The Indian Space Research Organisation has released an image of a star cluster from a faint dwarf irregular galaxy – Wolf-Lundmark-Melotte or WLM – that is located three million light years away.
The image was captured by Astrosat, which is India’s first dedicated space observatory launched two years back.
Shot by scientists from the Indian Institute of Astrophysics (Bengaluru), the image, with clusters of stars seen in blue and yellow dots, has been put up on Isro’s website.
Scientist Annapurni Subramaniam from the Indian Institute of Astrophysics (IIA), Bengaluru and her student Chayan Mondal used the ultraviolet imaging telescope onboard the Astrosat to image a younger star clusters in WLM.

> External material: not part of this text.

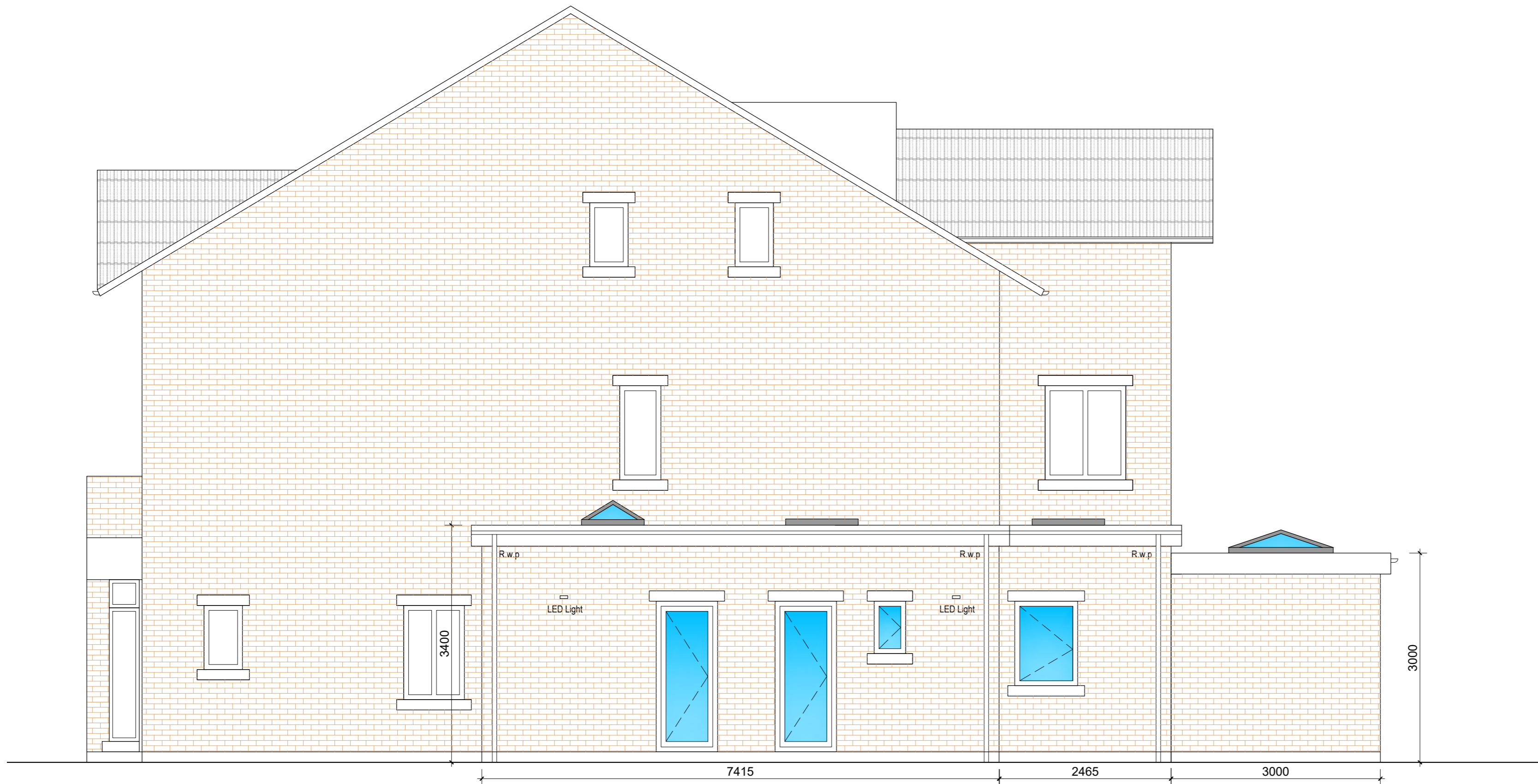
PROPOSED SIDE ELEVATION LOOKING SOUTH Scale 1:50

They wanted to study and understand how this diminutive galaxy managed to form new stars extremely efficiently, despite having low mass (thousand times less than milky way) and metallicity, which hinders forming of new stars.
Interestingly, the galaxy manages to form stars at a rate that is 12 times higher than our own Milky Way. Astronomers are still not sure as to how WLM does this.
IIA scientists are currently analysing the data they have collected to find the answers.
It has five intruments on board – the Ultra Violet Imaging Telescope, the Soft X-ray Telescope, the Large Area X-ray Proportional Counter, the Cadmium-Zinc-Telluride Imager and the Scanning Sky Monitor.
“AstroSat Picture of the Month” is an initiative of the Public Outreach and Education Committee of the Astronomical Society of India and AstroSat Training and Outreach Team.